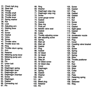 Overhaul your carburetor in a clean, dust-free area. Carefully disassemble the carburetor, referring often to the exploded views. Keep all similar and look alike parts segregated during disassembly and cleaning to avoid accidental interchange during assembly. Make a note of all jet sizes.
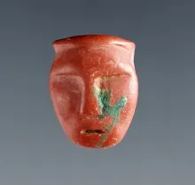 Rare 5/8" Catlinite Maskette Bead that is drilled for suspension. New York. Circa 1710-1745. |
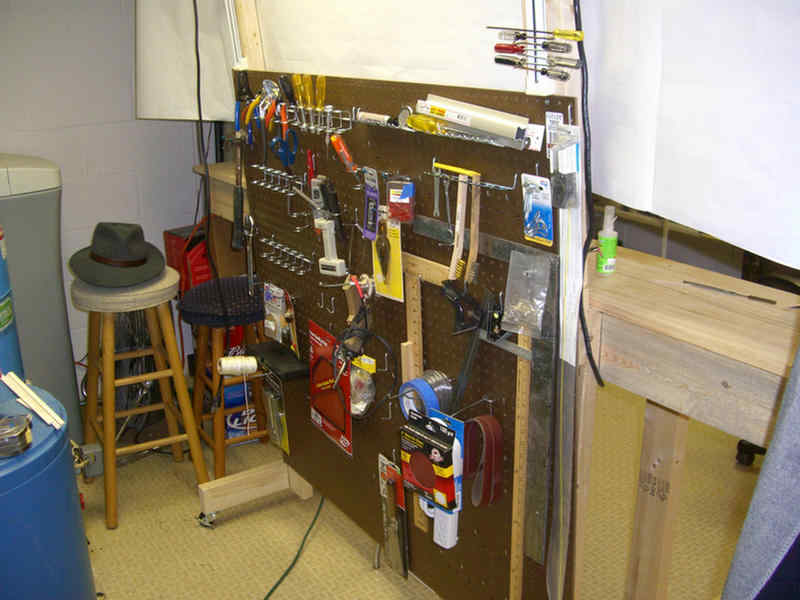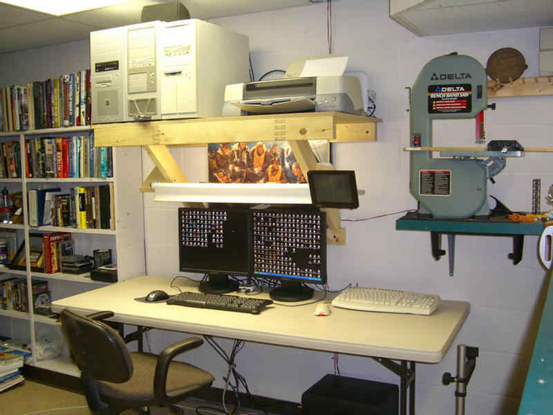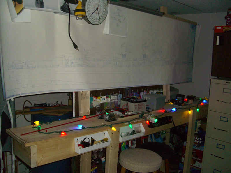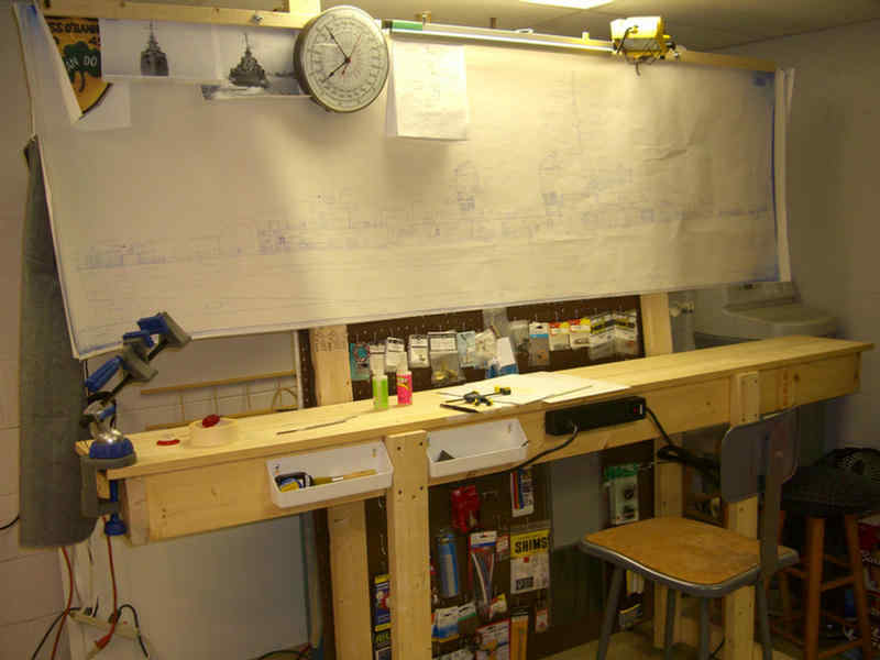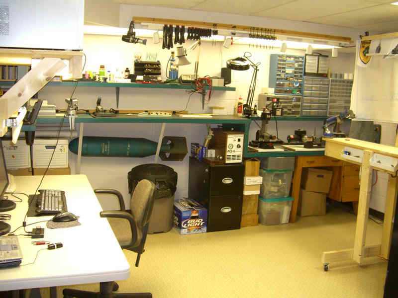 One cannot build a destroyer of this magnitude without some room to fabricate and make a general mess of things. Here are a couple photos of my shop where I am building the O'Bannon. My shop is rather small, but it works. This house was built in the early 60's when the cold war was very much on people's minds. This room was built as a bomb shelter. It seems to be a good place to build the O'Bannon. So here is a quick walk around my shop.
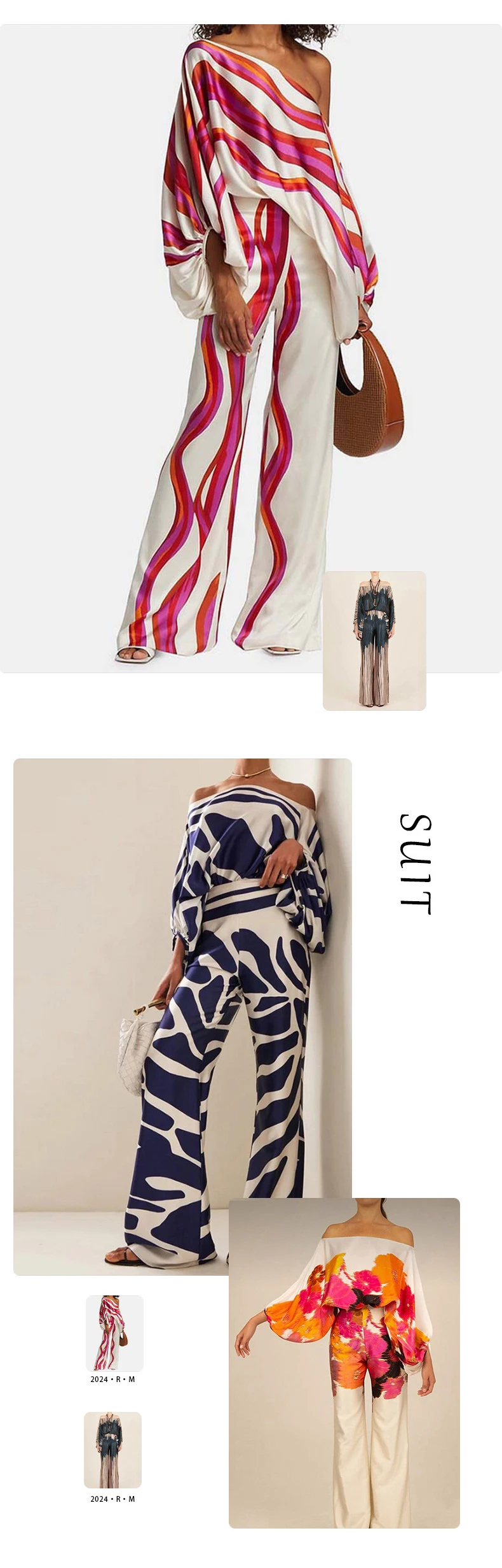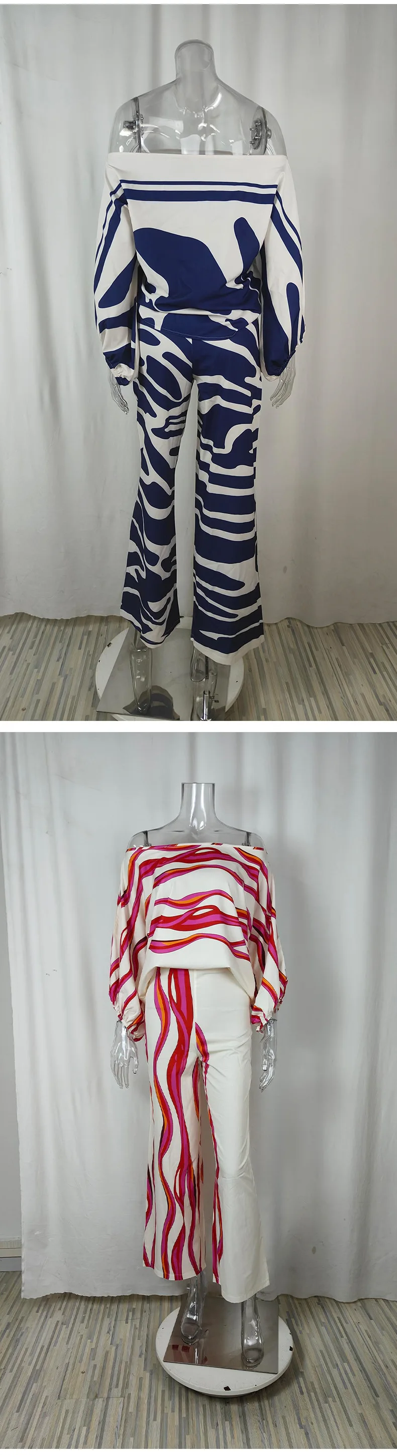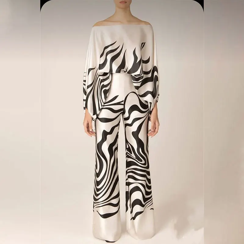 A trendy 2025 spring streetwear collection featuring a loose-fit slash neck top with batwing sleeves paired with high waist straight wide leg pants. This synthetic fiber set offers a comfortable loose fit with printed details and slight stretch. The pullover design and elastic waist provide effortless style for casual spring and summer occasions.
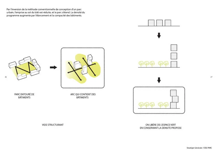 “By reversing the conventional method of designing an urban park, the footprint of the building is reduced, and the park expands. The density of the program increases by the slenderness and compactness of the buildings.”
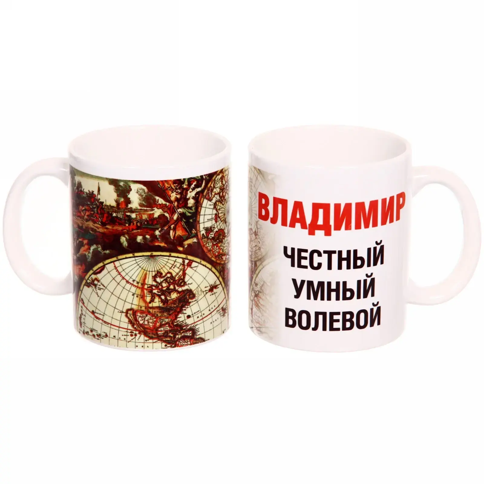 Кружка выполнена в белом цвете и украшена изображением старинных карт и текстом 'ВЛАДИМИР ЧЕСТНЫЙ УМНЫЙ ВОЛЕВОЙ'. Текст выполнен крупным шрифтом, что делает его хорошо читаемым. Ручка кружки имеет стандартную форму, что обеспечивает удобство при использовании. Эта кружка станет отличным подарком для друзей и близких, а также стильным дополнением к вашей кухонной посуде.
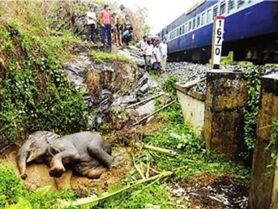 4月23日,在印度东北部阿萨姆邦,一只大象被火车撞伤。当火车经过时,一队由25只...
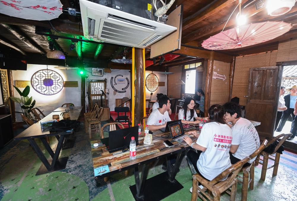 2023年8月11日,高校藝術(shù)院系的大學(xué)生們在寧波市寧??h葛家村的特色酒吧內(nèi)討論村落藝術(shù)改造提升的設(shè)計(jì)方案。 新華社記者 徐昱 攝
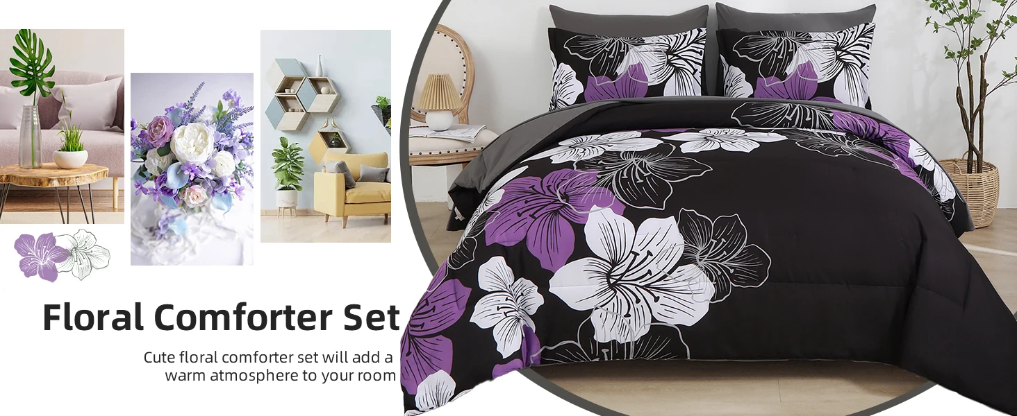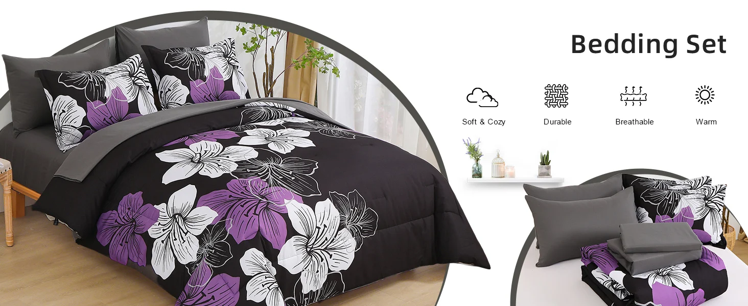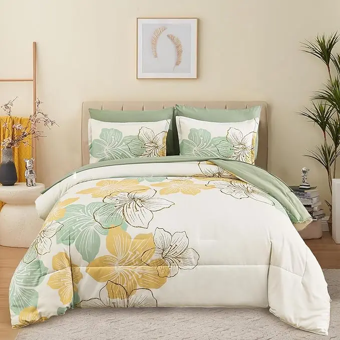 Luxury Decor Floral Comforter Set 5pcs 6pcs 7pcs Printed Floral Comforter and Sheet Set Soft Microfiber Bedding Sets
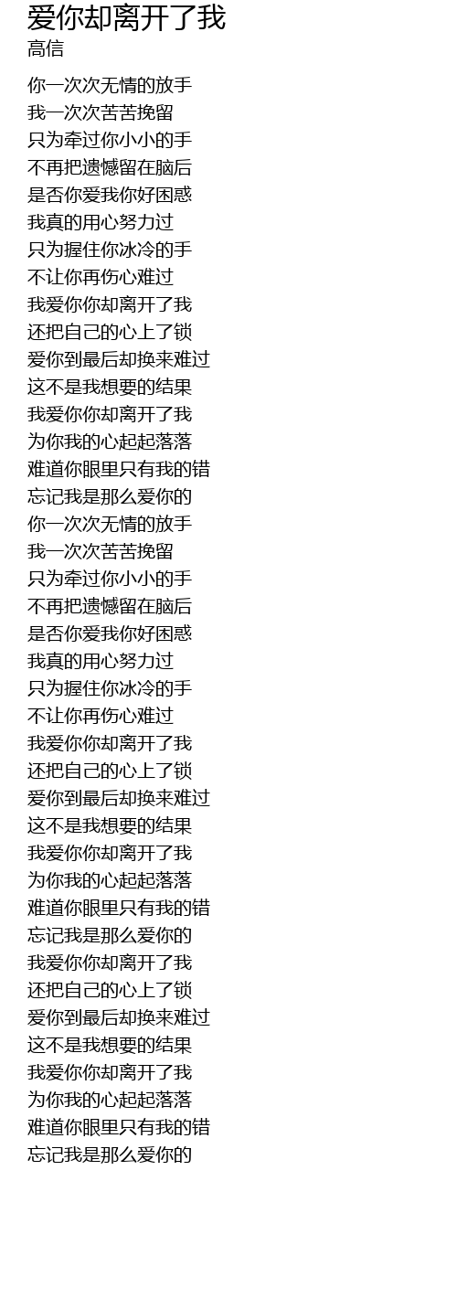 | [02:41.11] | wǒ ài nǐ nǐ què lí kāi le wǒ |
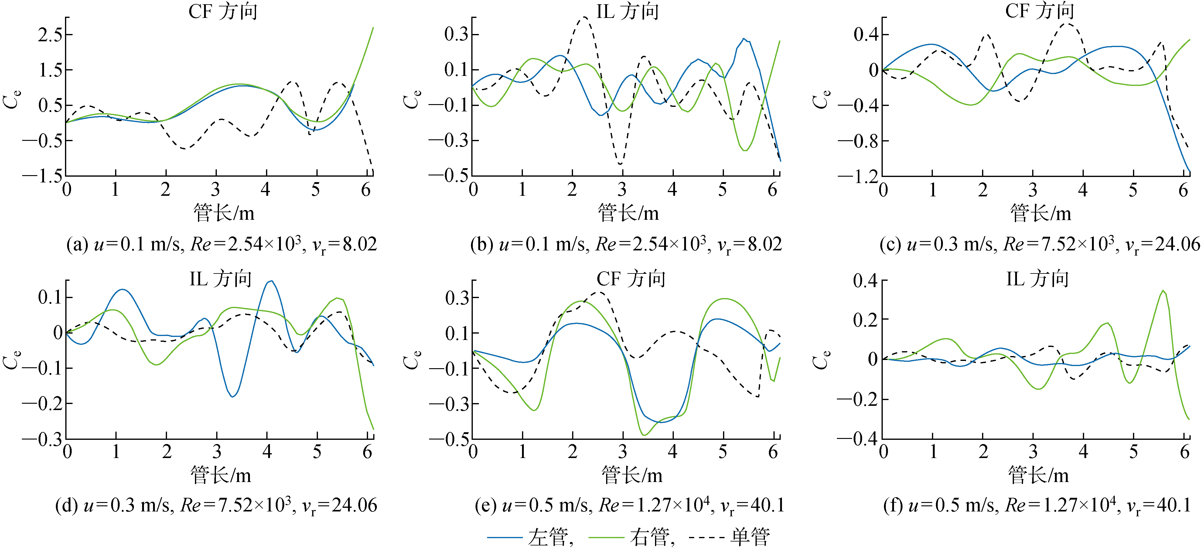 | 图19 悬垂单管与悬垂双管CF和IL方向Ce轴向分布图 |
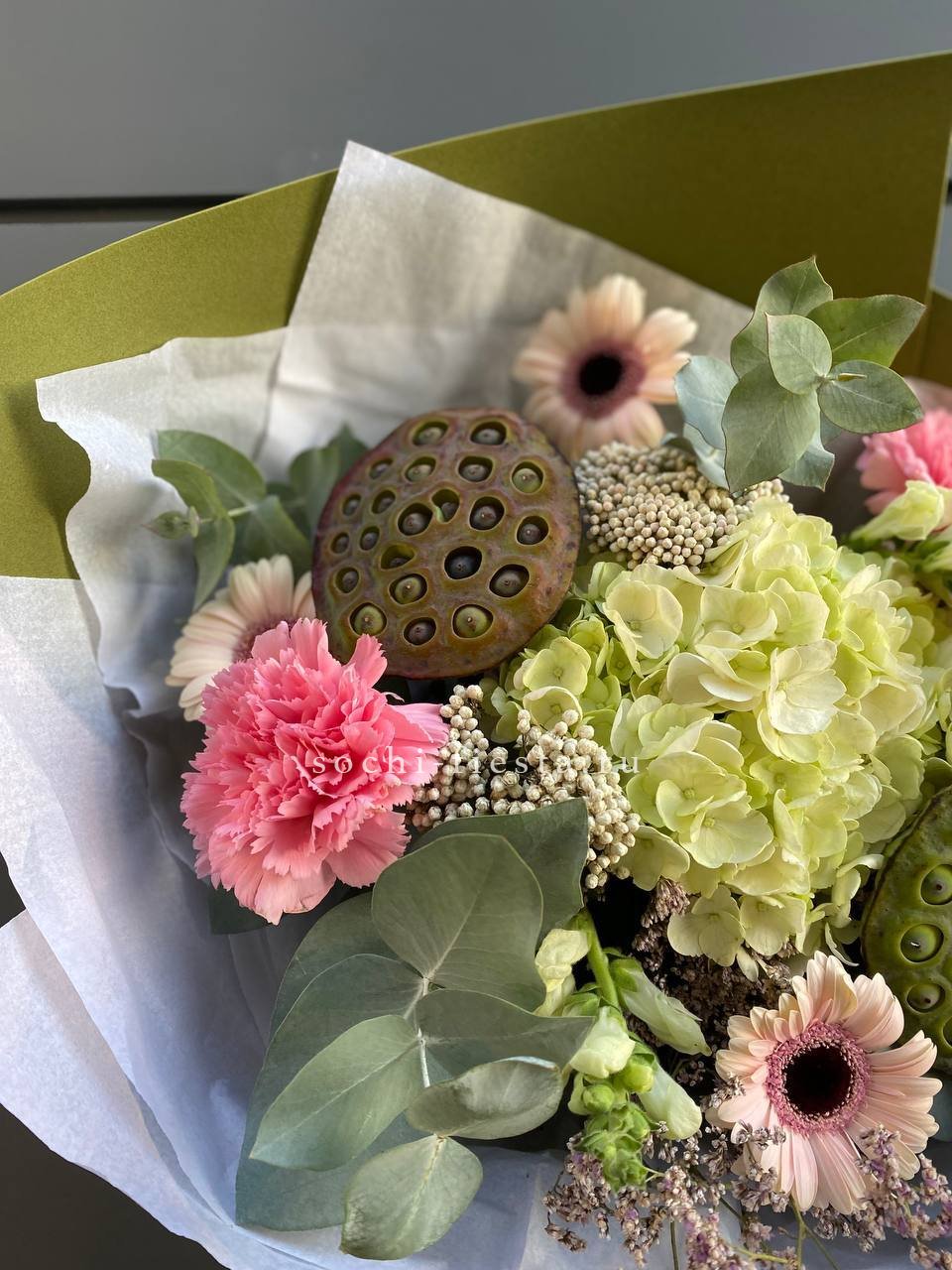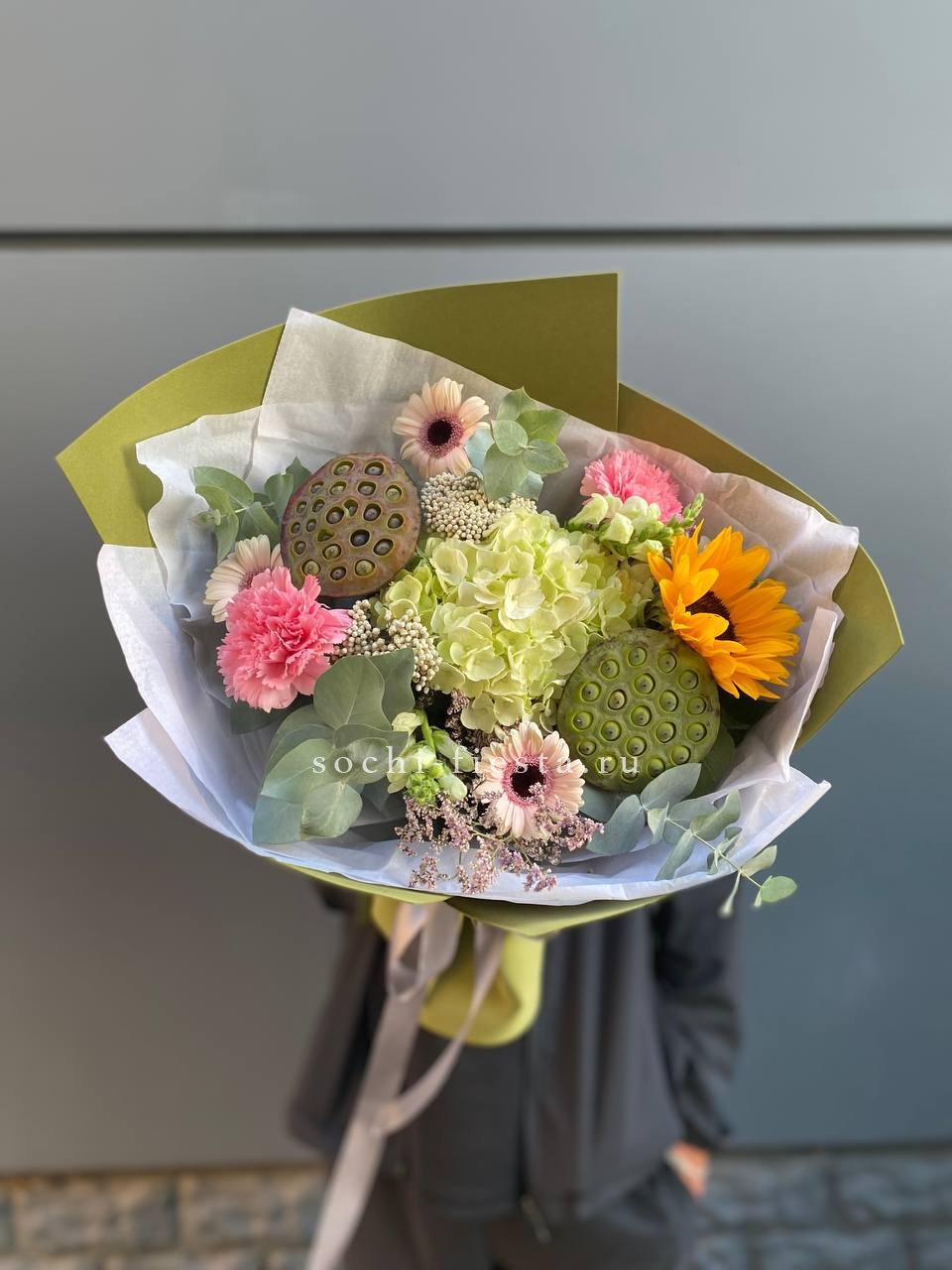 лотос, антирринум, диантус, подсолнух, озатамус, гортензия, гербера, лимониум, упаковка.

--------

# TASK INSTRUCTIONS:
From the data above, write out everything exactly except the pictures.

# RESPONSE TO THE EXERCISE:
 Overhaul your carburetor in a clean, dust-free area. Carefully disassemble the carburetor, referring often to the exploded views. Keep all similar and look alike parts segregated during disassembly and cleaning to avoid accidental interchange during assembly. Make a note of all jet sizes.
 Rare 5/8" Catlinite Maskette Bead that is drilled for suspension. New York. Circa 1710-1745. |
 One cannot build a destroyer of this magnitude without some room to fabricate and make a general mess of things. Here are a couple photos of my shop where I am building the O'Bannon. My shop is rather small, but it works. This house was built in the early 60's when the cold war was very much on people's minds. This room was built as a bomb shelter. It seems to be a good place to build the O'Bannon. So here is a quick walk around my shop.
 A trendy 2025 spring streetwear collection featuring a loose-fit slash neck top with batwing sleeves paired with high waist straight wide leg pants. This synthetic fiber set offers a comfortable loose fit with printed details and slight stretch. The pullover design and elastic waist provide effortless style for casual spring and summer occasions.
 “By reversing the conventional method of designing an urban park, the footprint of the building is reduced, and the park expands. The density of the program increases by the slenderness and compactness of the buildings.”
 Кружка выполнена в белом цвете и украшена изображением старинных карт и текстом 'ВЛАДИМИР ЧЕСТНЫЙ УМНЫЙ ВОЛЕВОЙ'. Текст выполнен крупным шрифтом, что делает его хорошо читаемым. Ручка кружки имеет стандартную форму, что обеспечивает удобство при использовании. Эта кружка станет отличным подарком для друзей и близких, а также стильным дополнением к вашей кухонной посуде.
 4月23日,在印度东北部阿萨姆邦,一只大象被火车撞伤。当火车经过时,一队由25只...
 2023年8月11日,高校藝術(shù)院系的大學(xué)生們在寧波市寧??h葛家村的特色酒吧內(nèi)討論村落藝術(shù)改造提升的設(shè)計(jì)方案。 新華社記者 徐昱 攝
 Luxury Decor Floral Comforter Set 5pcs 6pcs 7pcs Printed Floral Comforter and Sheet Set Soft Microfiber Bedding Sets
 | [02:41.11] | wǒ ài nǐ nǐ què lí kāi le wǒ |
 | 图19 悬垂单管与悬垂双管CF和IL方向Ce轴向分布图 |
 лотос, антирринум, диантус, подсолнух, озатамус, гортензия, гербера, лимониум, упаковка.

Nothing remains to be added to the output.